Molecular Toxicology Laboratory, Department of Pathology, University of Texas Medical Branch, Galveston, Texas, USA.
Toxicol Mech Methods. 2003;13(3):169-79. doi: 10.1080/15376510309836.
Studies in our laboratory and others have indicated that acrylonitrile (VCN) induces acute and chronic neurotoxicity and brain tumors in animal models. Reduced glutathione (GSH) depletion was suggested as the initiator of oxidative stress in VCN-induced neurotoxicity. Astrocytes possess the majority of total brain GSH and express various immunological functions that are characteristic of the brain, including the secretion of cytokines. We hypothesized that astrocytes could be the primary target of VCN's adverse activities in the brain. Therefore, VCN-induced neurotoxicity was studied by exposing proliferating normal human astrocytes (NHAs) to various concentrations of VCN (25-400 muM). We assessed cell viability; levels of endogenous antioxidants, GSH, and catalase; levels of reactive oxygen species; and secretion of TNF- alpha, a cellular marker for oxidative stress and oxidative damage to nuclear DNA, after treatment with VCN. At VCN concentrations of 25 and 50 muM, the oxidative stress markers were unaffected and at least 85% of the cells were viable. Cell viability was significantly affected at 200 and 400 muM VCN (22-42% less than control, p <. 05). The results also indicated VCN-induced depletion of GSH and a concomitant increase in levels of oxidized GSH (GSSG). The levels of total GSH and GSSG in control and treated (400 muM VCN) cells were 37 and 2, respectively. There was a significant upregulation of catalase activity (21% more than control, p <. 05) at 100 muM of VCN and a downregulation at 400 muM (40% lower than control, p <. 05). A dose-dependent, significant increase in the formation of reactive oxygen species was observed at 200 to 400 muM of VCN. Also, an elevation (two- to three fold as compared to control, p <. 05) in oxidative damage to DNA was observed at these concentrations of VCN. Increase in TNF- alphasecretion (28% higher than control, p <. 05) was observed at 400 muM VCN. Therefore, redox imbalance in astrocytes may play a major role in VCN-induced neurotoxicity, which is indicated by compromised antioxidant defense mechanisms, such as depletion of GSH, increase in GSSG, inhibition of catalase, and increase in the formation of reactive oxygen species and TNF- alphasecretion, resulting in DNA oxidation.
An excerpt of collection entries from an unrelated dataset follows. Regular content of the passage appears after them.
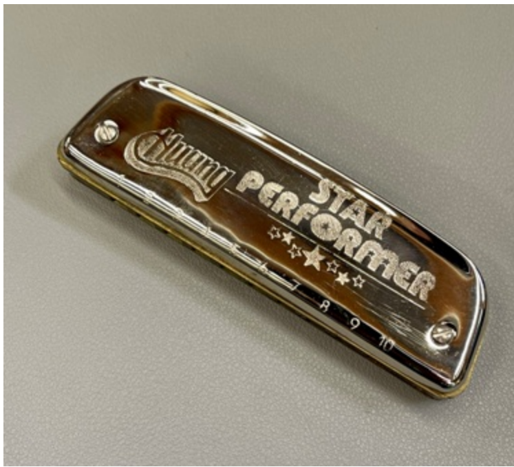
Imitation can be the sincerest form of flattery (circa 1998 my collection)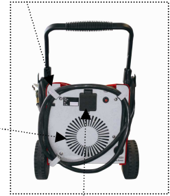
Female connection (230 V) with over-load switch (6 A) at the rear side for external tools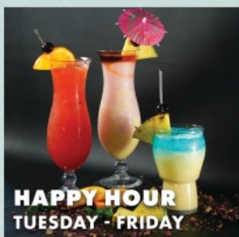
HAPPY HOUR TUESDAY - FRIDAY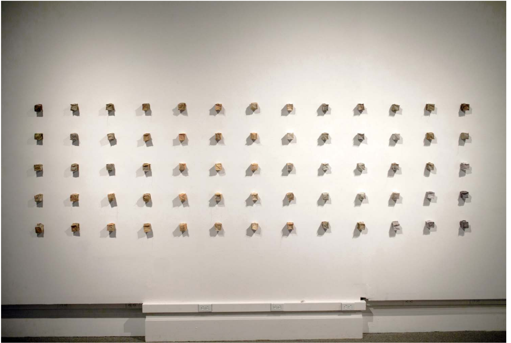
Figure 1: Sixty-Fives Times Softness Was Read as Frailty and Structure Was Seen as Strength.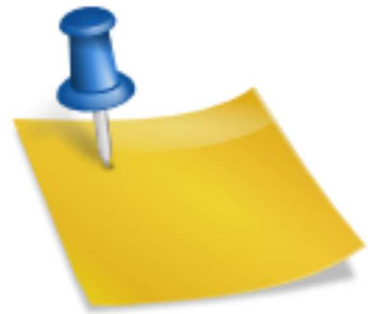
Slider bottom Banner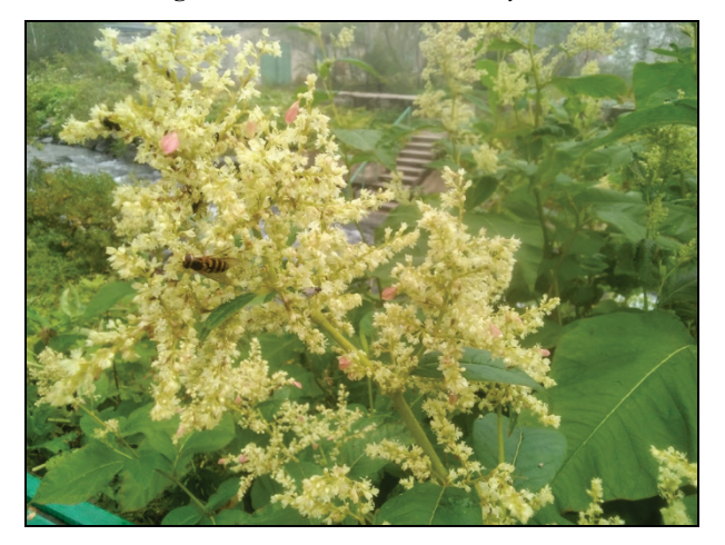
Fig. 9. Inflorescences of P. weyrichii

Chemicals. Ethanol 96% was supplied by Dia_M (Moscow, Russia). Methanol (gradient grade for liquid chromatography), sodium carbonate (>99%), gallic acid anhydride (>99%), sodium nitrite, and aluminum chloride hexahydrate was supplied by Merck (Sofia, Bulgaria). Folin–Ciocalteau reagent, rutin hydrate, quercetin hydrate (≥95%), tannic acid (≥91%), pyrogallic acid (≥98%), (+)-catechin hydrate (≥96%), sodium hydroxide, and Trolox (6-hydroxy-2,5,7,8-tetramethylchroman-2-carboxylic acid) (97%) were supplied by Sigma Aldrich (St Loius, USA). Ammonia iron alum was supplied by Biochemmak (Moscow, Russia). Deionized water was from a MilliQ water deionizer supplied by Millipore (USA).

在我们实验室和其他实验室的研究表明,丙烯腈(VCN)会在动物模型中引发急性和慢性神经毒性和脑肿瘤。谷胱甘肽(GSH)耗竭被认为是 VCN 诱导的神经毒性中氧化应激的启动因素。星形胶质细胞拥有大脑中大部分的总脑 GSH,并表达各种具有大脑特征的免疫功能,包括细胞因子的分泌。我们假设星形胶质细胞可能是 VCN 在大脑中不良活动的主要靶标。因此,通过将增殖的正常人星形胶质细胞(NHAs)暴露于不同浓度的 VCN(25-400 μM)来研究 VCN 诱导的神经毒性。我们评估了细胞活力;内源性抗氧化剂 GSH 和过氧化氢酶的水平;活性氧的水平;以及 TNF-α(细胞因子)的分泌,TNF-α是氧化应激和核 DNA 氧化损伤的细胞标志物,这些标志物在 VCN 处理后会发生变化。在 VCN 浓度为 25 和 50 μM 时,氧化应激标志物不受影响,至少 85%的细胞存活。当 VCN 浓度为 200 和 400 μM 时,细胞活力受到显著影响(比对照组低 22-42%,p<.05)。结果还表明 VCN 诱导 GSH 耗竭,并伴随氧化 GSH(GSSG)水平的升高。对照组和处理组(400 μM VCN)细胞中的总 GSH 和 GSSG 水平分别为 37 和 2。在 100 μM VCN 时,过氧化氢酶活性显著上调(比对照组高 21%,p<.05),而在 400 μM 时下调(比对照组低 40%,p<.05)。在 200 至 400 μM 的 VCN 时观察到活性氧形成的剂量依赖性显著增加。此外,在这些 VCN 浓度下,还观察到 DNA 氧化损伤的升高(比对照组高 2-3 倍,p<.05)。在 400 μM VCN 时观察到 TNF-α分泌增加(比对照组高 28%,p<.05)。因此,星形胶质细胞中的氧化还原失衡可能在 VCN 诱导的神经毒性中起主要作用,这表明抗氧化防御机制受损,如 GSH 耗竭、GSSG 增加、过氧化氢酶抑制以及活性氧形成和 TNF-α分泌增加,导致 DNA 氧化。